Experimental restoration of miR-200c expression in TNBC cell lines MDA-MB-231, BT549, and SUM159, all of which express miR-200c at relatively low endogenous levels, reversed the EMT gene expression signature, as demonstrated by an increased E-cadherin, decreased ZEB1 and repressed immunosuppressive gene pattern expression [141]. Besides translational repression of ZEB1, miR-200-mediated transcriptional upregulation of E-cadherin was associated with increased acetylation of histone H3 at the E-cadherin promoter [142]. Moreover, the study by Wang et al. demonstrated that an accelerated MET program was orchestrated by an upregulation of miR-200c as a response to tamoxifen exposure that resulted in demethylation of miR-200c promoter [143]. Mechanistically, miR-200 re-expression not only drives epithelial differentiation but also promotes the growth of macrometastasis by directly targeting SEC23A, a regulator of metastasis-suppressive protein secretion, involving Insulin-like growth factor-binding protein 4 (IGFBP4) and Tubulointerstitial nephritis antigen-like 1 (TINAGL1) [144]. Similar results were obtained using isogenic mouse breast cancer models 67NR, 168FARN, 4TO7, and 4T1, that differ in their ability to metastasize when implanted into the mammary fat pad. Only epithelial cell line 4T1, expressing miR-200c and E-cadherin, formed macroscopic metastasis. Mesenchymal cell line 4T07 is capable to disseminate, but forms only micrometastases. Overexpression of miR-200 in 4T07 cell line strikingly augmented MET and facilitated macrometastatic outgrowth [145]. These results collectively point to the possibility that MET induced by the miR-200 family may be crucial for the colonization step, hence necessary for successful completion of the metastatic cascade.
Apart from the miR-200 family, miR-199a-5p overexpression promoted epithelial state, as demonstrated by the reduced cell migration and invasion, as well as increased CDH1 (encoding E-cadherin) and decreased ZEB1 and Twist expression [146]. Additionally, several different miRNAs were identified and described as the regulators of cell plasticity. Increased level of miR-34c-3p resulted in the stimulation of tumor-suppressing features and reversed the EMT through negative modulation MAP3K2 pathway [147]. Similarly, miR-1976 was determined as epithelial “keeper” due to the acceleration of EMT via PIK3CG after its knock-down [148]. miR-205 was, along with miR-200, shown to be significantly reduced in cells undergoing EMT [135]. Finally, miR-155 expression levels inversely correlated with the expression of several EMT markers including SMA, osteonectin, and CD146 in a cohort of TNBC patients. Moreover, miR-155 expression was reported as an independent favorable prognostic factor of distant metastasis-free survival [149].

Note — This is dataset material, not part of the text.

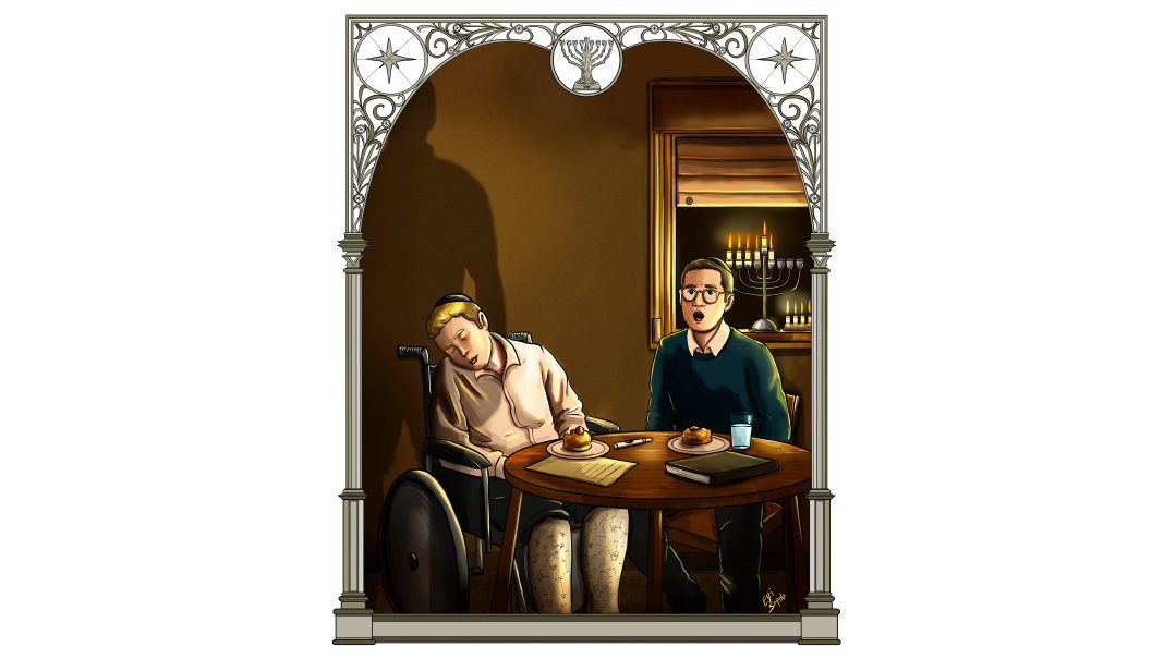 “So, Rosen, on nights one through four there’s progression, but the fifth night”—he gave his cast a little tap—“the fifth night of Chanukah is the tipping point.”
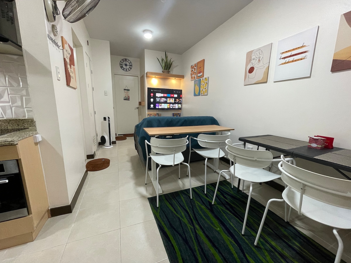 PLEASE READ BEFORE BOOKING 🩷 The Cozy Studio is a fully furnished unit with aesthetic vibes & soothing ambience. It is ideal for relaxation, romantic dates with your love one, movie night with your bestie or spending some time alone. It has fast wifi, perfect for Netflix and chill or K-Drama marathon. Get comfy with Fresh Bedsheets, Pillowcase and Blanket all night. Kitchen may be small but it has your basic needs for cooking. Bathroom is equipped with shower heater for relaxing shower.

3. Plasticity in TNBC Progression

Although EMT is widely accepted as a key transcriptional program required for tumor invasion and dissemination, the colonization and outgrowth of recruited cells in the distant organs is believed to require an opposite process, known as MET [23,150]. The MET has been supported mainly by histopathological analyses that revealed morphological resemblance and EMP markers expression between primary tumors and matched metastatic lesions, particularly in E-cadherin expression pattern, which was similar or very often increased in lymph node metastases, relative to the matched primary tumors [151,152,153]. Despite these correlative clinical findings, rigorous functional studies linking MET with metastatic colonization ability are scarce. Major obstacles in investigating MET are associated with the lack of dynamic in vivo models and the sporadic nature of invasion and colonization, making these observations statistically improbable to identify. An important notion is that EMT and MET are not binary processes, and MET does not simply mirror EMT; hence the loss of epithelial features in the cell does not necessarily result in rigid, irreversible mesenchymal phenotype. Cancer cells may not revert to being epithelial if they have crossed a ”tipping point” in terms of induction of EMT [154], and can often reside in a hybrid or partial EMT phenotype endowed with combined epithelial (e.g., cell-to-cell adhesion) and mesenchymal (e.g., motility) features [29,150]. Individual cells with partial EMT phenotype do not fully complete the EMT program and co-express both epithelial markers (such as EpCAM, keratins or E-cadherin) and mesenchymal markers (e.g., Vimentin) along with a differentially expressed set of EMT TFs. Such hybrid cells are presumed to have the highest tumorigenicity and metastatic potential [28,32,33,131,155] and were also observed in breast carcinomas, especially in CTCs exhibiting a spectrum of EMP states [155,156,157,158].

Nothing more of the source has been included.